Data segment:
- Opening Delimiter -

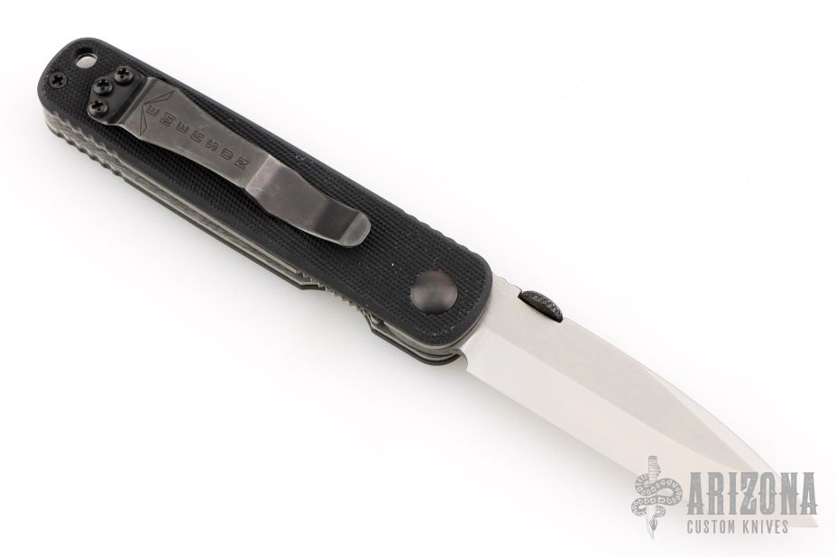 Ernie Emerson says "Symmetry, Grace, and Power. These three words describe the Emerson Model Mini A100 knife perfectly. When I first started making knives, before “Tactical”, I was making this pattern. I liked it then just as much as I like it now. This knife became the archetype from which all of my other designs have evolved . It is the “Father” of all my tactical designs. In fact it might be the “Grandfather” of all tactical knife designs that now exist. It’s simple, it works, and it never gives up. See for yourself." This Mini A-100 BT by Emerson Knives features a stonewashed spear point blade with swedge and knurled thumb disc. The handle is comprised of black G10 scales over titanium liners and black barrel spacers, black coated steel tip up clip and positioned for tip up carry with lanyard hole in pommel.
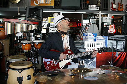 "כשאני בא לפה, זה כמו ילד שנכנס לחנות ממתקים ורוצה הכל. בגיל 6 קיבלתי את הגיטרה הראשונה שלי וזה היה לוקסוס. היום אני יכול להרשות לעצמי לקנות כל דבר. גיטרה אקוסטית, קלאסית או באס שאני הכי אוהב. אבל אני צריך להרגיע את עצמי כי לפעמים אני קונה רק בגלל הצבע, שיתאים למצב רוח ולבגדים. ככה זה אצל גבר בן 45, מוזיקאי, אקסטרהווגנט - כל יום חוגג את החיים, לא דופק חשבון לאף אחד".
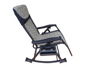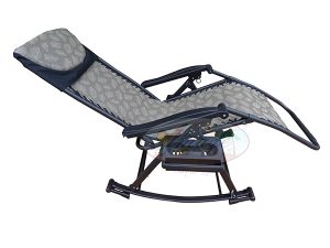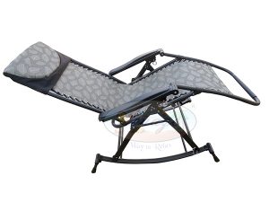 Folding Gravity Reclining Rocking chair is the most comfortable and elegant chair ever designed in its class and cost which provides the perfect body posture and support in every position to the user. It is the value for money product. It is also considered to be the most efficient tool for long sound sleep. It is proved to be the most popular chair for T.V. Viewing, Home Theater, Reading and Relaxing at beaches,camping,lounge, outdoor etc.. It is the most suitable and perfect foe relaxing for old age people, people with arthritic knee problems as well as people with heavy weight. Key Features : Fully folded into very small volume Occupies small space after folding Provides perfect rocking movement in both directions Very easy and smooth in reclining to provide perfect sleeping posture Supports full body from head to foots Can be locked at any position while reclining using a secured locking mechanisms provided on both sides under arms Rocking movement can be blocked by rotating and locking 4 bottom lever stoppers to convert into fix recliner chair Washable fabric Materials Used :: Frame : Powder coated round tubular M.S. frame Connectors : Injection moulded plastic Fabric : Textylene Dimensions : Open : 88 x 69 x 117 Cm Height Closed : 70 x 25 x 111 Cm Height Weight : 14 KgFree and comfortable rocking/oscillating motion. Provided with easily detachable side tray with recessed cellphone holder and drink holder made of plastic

- Closing Delimiter -

Task: Could you repeat the data exactly, omitting its pictures?

Solution for this task:
 Ernie Emerson says "Symmetry, Grace, and Power. These three words describe the Emerson Model Mini A100 knife perfectly. When I first started making knives, before “Tactical”, I was making this pattern. I liked it then just as much as I like it now. This knife became the archetype from which all of my other designs have evolved . It is the “Father” of all my tactical designs. In fact it might be the “Grandfather” of all tactical knife designs that now exist. It’s simple, it works, and it never gives up. See for yourself." This Mini A-100 BT by Emerson Knives features a stonewashed spear point blade with swedge and knurled thumb disc. The handle is comprised of black G10 scales over titanium liners and black barrel spacers, black coated steel tip up clip and positioned for tip up carry with lanyard hole in pommel.
 "כשאני בא לפה, זה כמו ילד שנכנס לחנות ממתקים ורוצה הכל. בגיל 6 קיבלתי את הגיטרה הראשונה שלי וזה היה לוקסוס. היום אני יכול להרשות לעצמי לקנות כל דבר. גיטרה אקוסטית, קלאסית או באס שאני הכי אוהב. אבל אני צריך להרגיע את עצמי כי לפעמים אני קונה רק בגלל הצבע, שיתאים למצב רוח ולבגדים. ככה זה אצל גבר בן 45, מוזיקאי, אקסטרהווגנט - כל יום חוגג את החיים, לא דופק חשבון לאף אחד".
 Folding Gravity Reclining Rocking chair is the most comfortable and elegant chair ever designed in its class and cost which provides the perfect body posture and support in every position to the user. It is the value for money product. It is also considered to be the most efficient tool for long sound sleep. It is proved to be the most popular chair for T.V. Viewing, Home Theater, Reading and Relaxing at beaches,camping,lounge, outdoor etc.. It is the most suitable and perfect foe relaxing for old age people, people with arthritic knee problems as well as people with heavy weight. Key Features : Fully folded into very small volume Occupies small space after folding Provides perfect rocking movement in both directions Very easy and smooth in reclining to provide perfect sleeping posture Supports full body from head to foots Can be locked at any position while reclining using a secured locking mechanisms provided on both sides under arms Rocking movement can be blocked by rotating and locking 4 bottom lever stoppers to convert into fix recliner chair Washable fabric Materials Used :: Frame : Powder coated round tubular M.S. frame Connectors : Injection moulded plastic Fabric : Textylene Dimensions : Open : 88 x 69 x 117 Cm Height Closed : 70 x 25 x 111 Cm Height Weight : 14 KgFree and comfortable rocking/oscillating motion. Provided with easily detachable side tray with recessed cellphone holder and drink holder made of plastic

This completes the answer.